At least, unlike in real life, in the movie, these people die expediently before Quoyle returns to Newfoundland with his preteen daughter Bunny to make a fresh start. (He returns there because between family property- a rent-free house on a windy cliff kept from blowing away by tie-down cables-and a newspaper job arranged by family and friends, it is, at least in theory, relatively easy for him to survive and provide for his daughter.)
Alas, his new life will not be so easy: his newspaper job covering auto accidents, shipping news, etc., seems to be calculated to trigger his presumed PTSD.
Knocking around in a lonely old house full of draughts and creaks, Quoyle’s daughter Bunny starts claiming to see ghosts and engaging in such uncharacteristic behaviors as “bashing the brains out of her baby doll”, which the mental health establishment would consider to be signs of a disturbed child.

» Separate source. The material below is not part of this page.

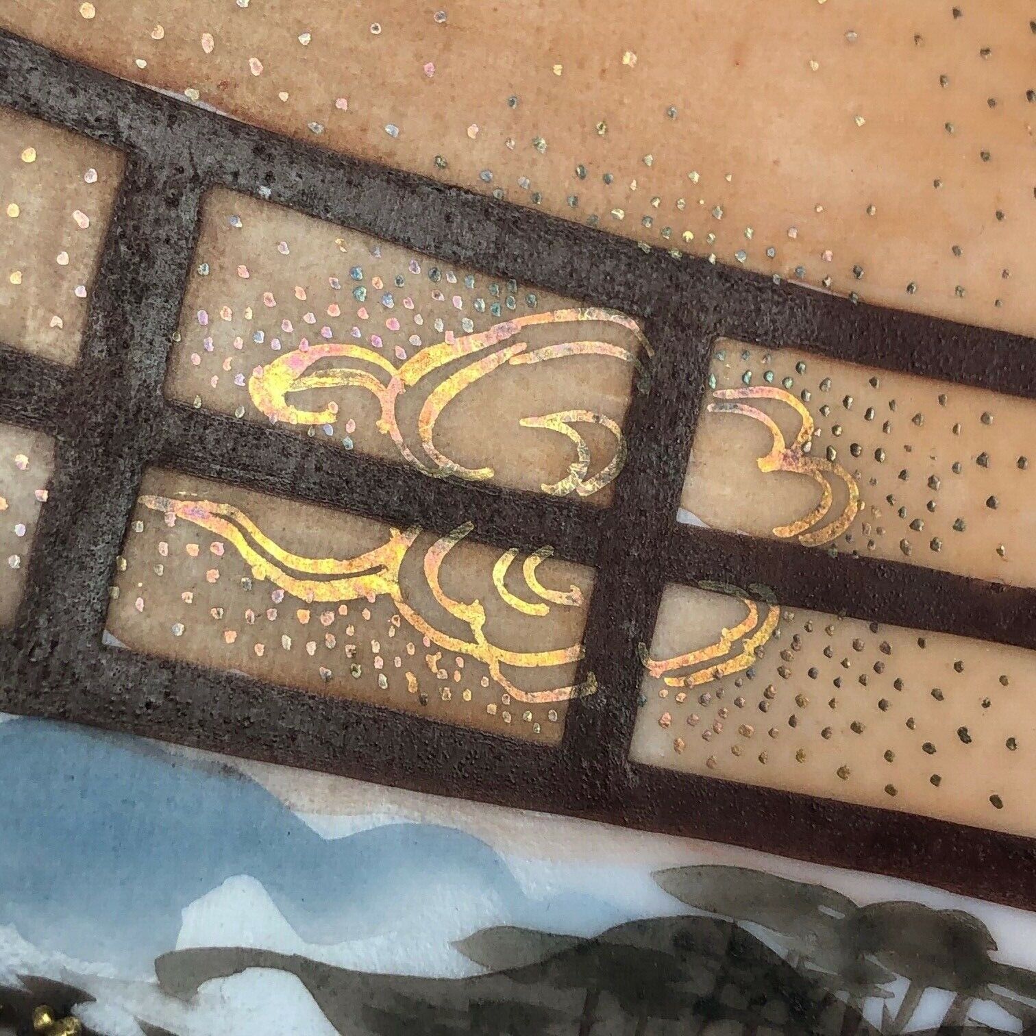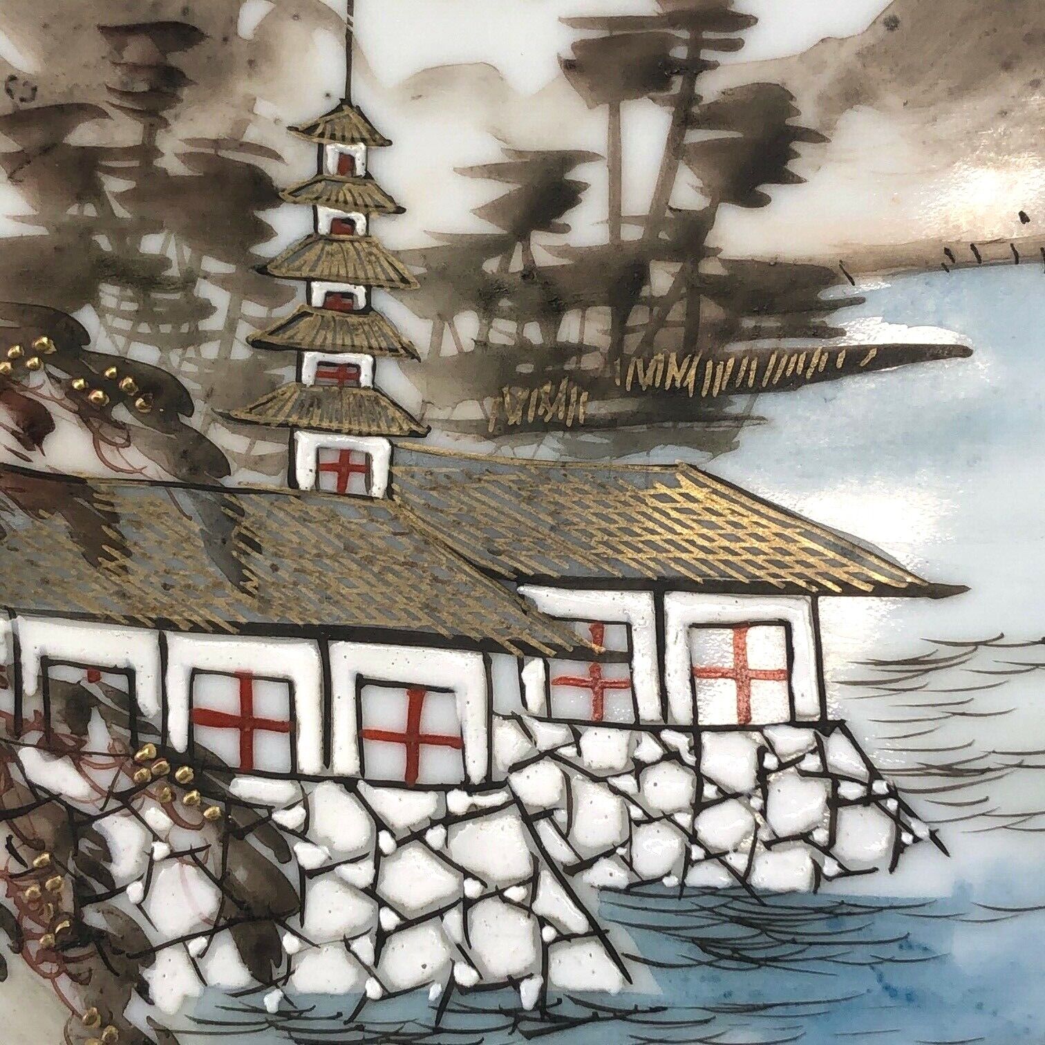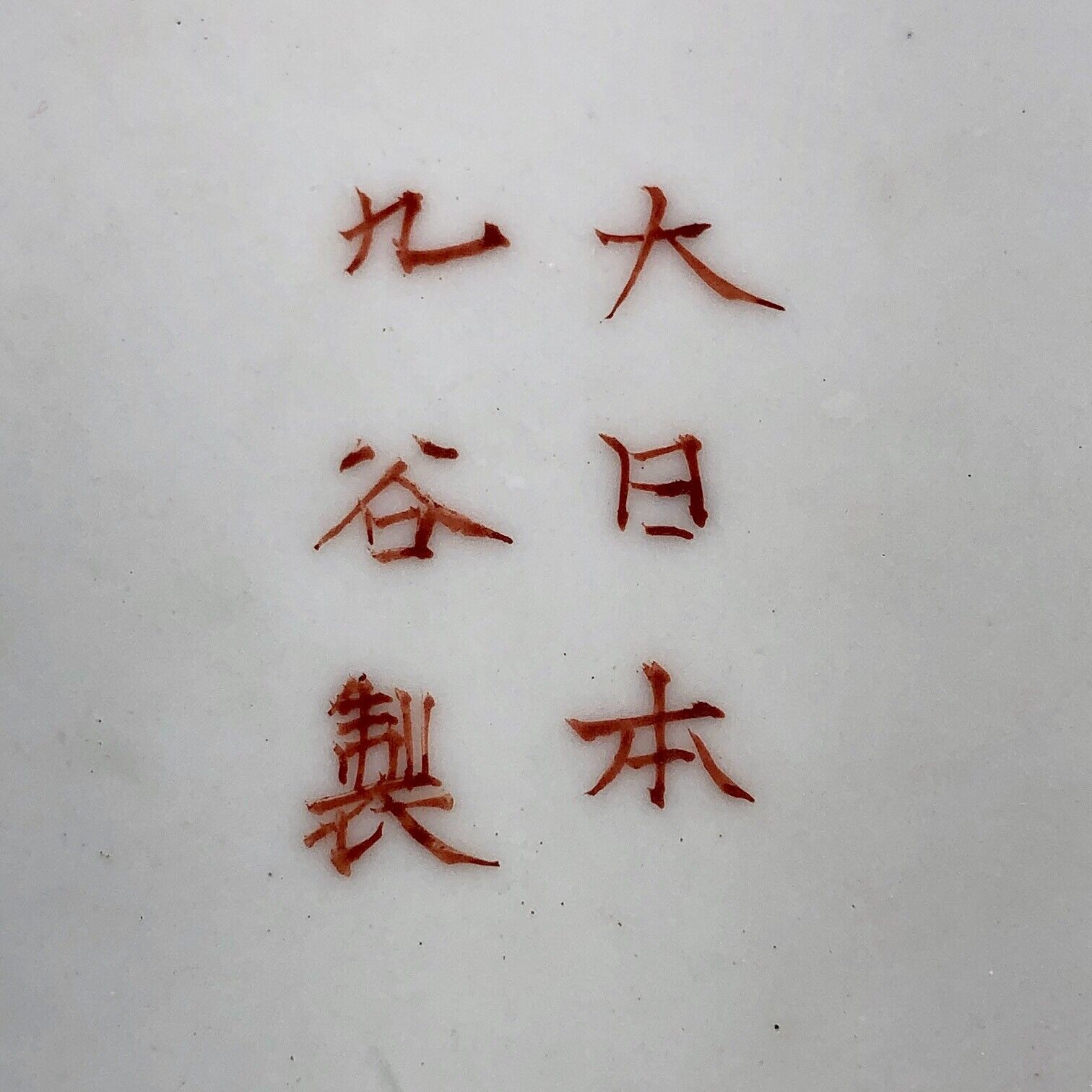 This is a huge antique Japanese Kutani ceramic charger. All hand painted with very intricate designs of various scenes from around Japan during different seasons. good look at some of the close up photos to appreciate the art work. It was high fire for lasting durability. It is marked on the bottom 九谷製 大日本 (Kutani-sei Dainippon), "Kutani Made in Great Japan."

New love interest widow Wavey Prowse sees such things in a very different way, describing Bunny as “sensitive” (to supernatural phenomena), telling Quoyle not to worry about it. She seems quite normal, and even emotionally stable, though her son Herry, a boy who seems to physically be Bunny’s age, is marked by society and his appearance (hanging mouth, upturned eyes) as not being so. (Local opinion has it that the boy “ain’t right” because she was holding him while her husband drowned in a boating accident.)
When Wavey introduces Herry to Bunny and Quoyle at the playground, Bunny asks “what’s wrong with him?”.
Wavey at first tells Bunny that nothing is wrong with him, but later elaborates that “When he was being born, he didn’t get enough air to breathe, and that makes him a little slower than most people”. Herry does not speak then, or at any other time during the picture.
At a later time, Quoyle sees Herry standing outside his car, moving his head to track the swaying of his windshield wipers.
Though nothing more than a superficial acquaintance is made of Herry in the movie, it is revealed that other people are not quite what they seem in some respects. When reminiscing, Aunt Agnis, a dignified matriarch in the rest of the movie, described “the love of her life” as a woman named Irene, shown in an old photograph. Wavey reveals that her husband left her voluntarily (and is presumably still alive somewhere) but that she wrecked his boat and feigning widowhood, gained the sympathy and support of the townspeople thereby.